* What you have to do
Give the data again in full, without pictures.

* Given data
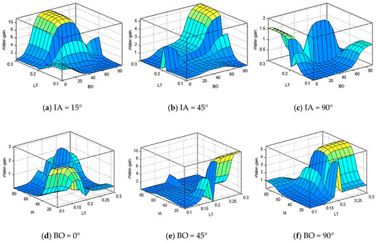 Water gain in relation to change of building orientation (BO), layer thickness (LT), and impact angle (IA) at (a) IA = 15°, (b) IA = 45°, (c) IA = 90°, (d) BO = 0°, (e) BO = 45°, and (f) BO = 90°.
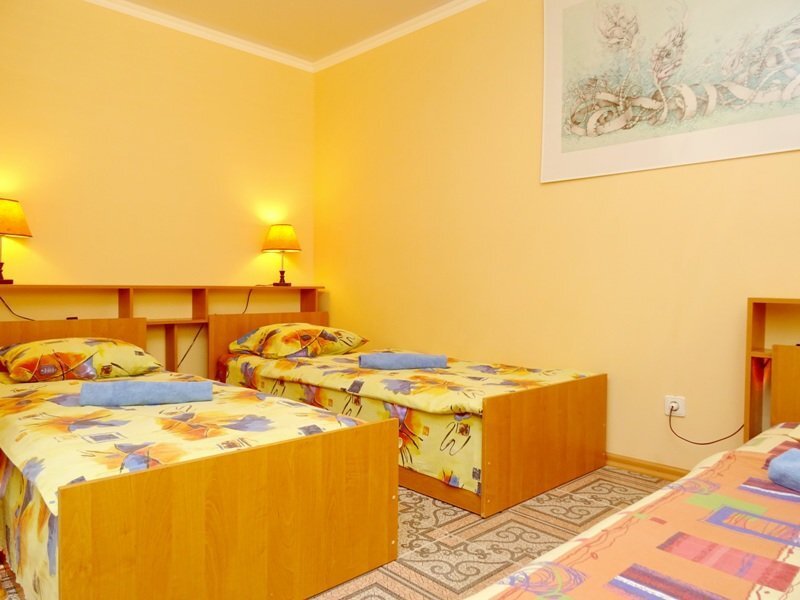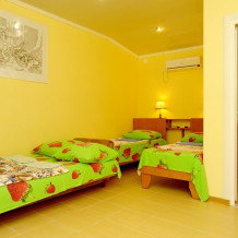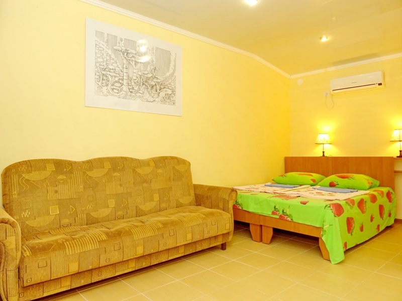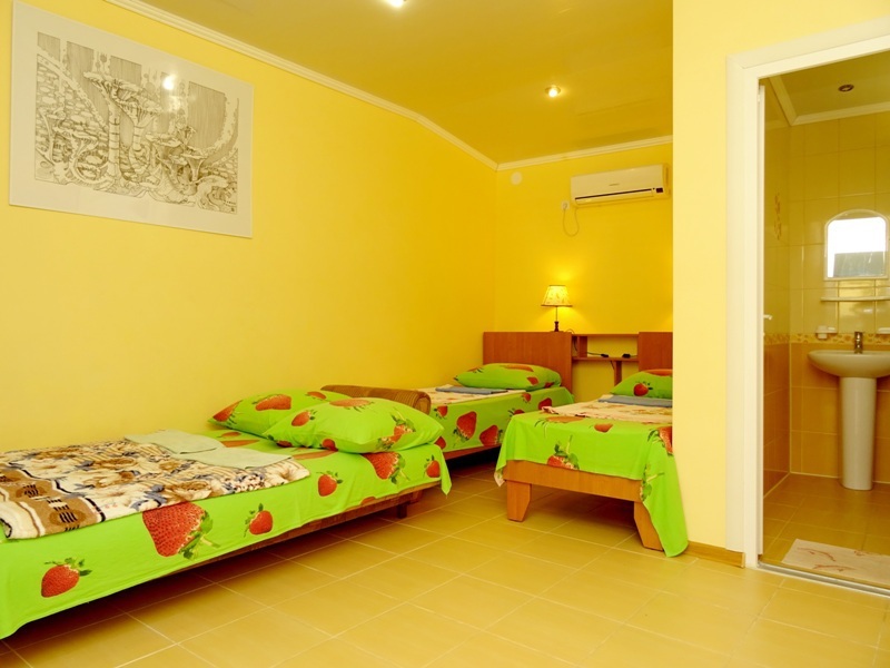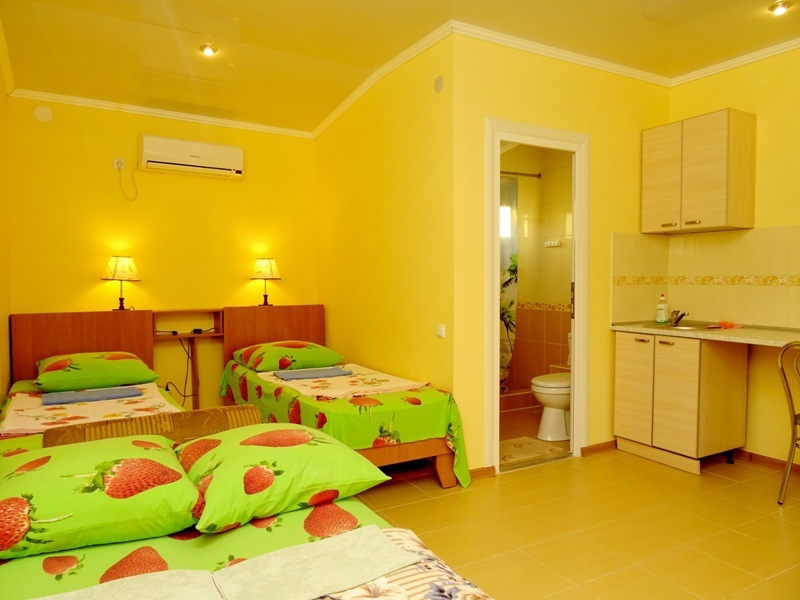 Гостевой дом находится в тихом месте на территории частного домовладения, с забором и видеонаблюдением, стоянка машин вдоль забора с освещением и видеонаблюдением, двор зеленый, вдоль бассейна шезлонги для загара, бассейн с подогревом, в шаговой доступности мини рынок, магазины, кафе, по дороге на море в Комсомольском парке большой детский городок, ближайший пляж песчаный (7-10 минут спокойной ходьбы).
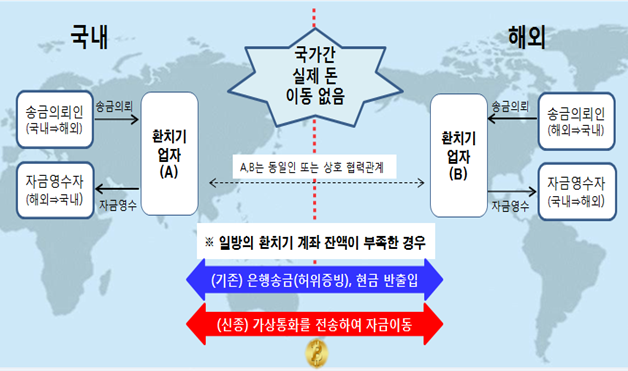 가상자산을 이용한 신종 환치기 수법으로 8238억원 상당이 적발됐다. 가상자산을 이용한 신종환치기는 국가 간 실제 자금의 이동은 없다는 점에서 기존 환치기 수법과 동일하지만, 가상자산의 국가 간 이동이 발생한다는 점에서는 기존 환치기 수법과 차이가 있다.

* Final answer
 Water gain in relation to change of building orientation (BO), layer thickness (LT), and impact angle (IA) at (a) IA = 15°, (b) IA = 45°, (c) IA = 90°, (d) BO = 0°, (e) BO = 45°, and (f) BO = 90°.
 Гостевой дом находится в тихом месте на территории частного домовладения, с забором и видеонаблюдением, стоянка машин вдоль забора с освещением и видеонаблюдением, двор зеленый, вдоль бассейна шезлонги для загара, бассейн с подогревом, в шаговой доступности мини рынок, магазины, кафе, по дороге на море в Комсомольском парке большой детский городок, ближайший пляж песчаный (7-10 минут спокойной ходьбы).
 가상자산을 이용한 신종 환치기 수법으로 8238억원 상당이 적발됐다. 가상자산을 이용한 신종환치기는 국가 간 실제 자금의 이동은 없다는 점에서 기존 환치기 수법과 동일하지만, 가상자산의 국가 간 이동이 발생한다는 점에서는 기존 환치기 수법과 차이가 있다.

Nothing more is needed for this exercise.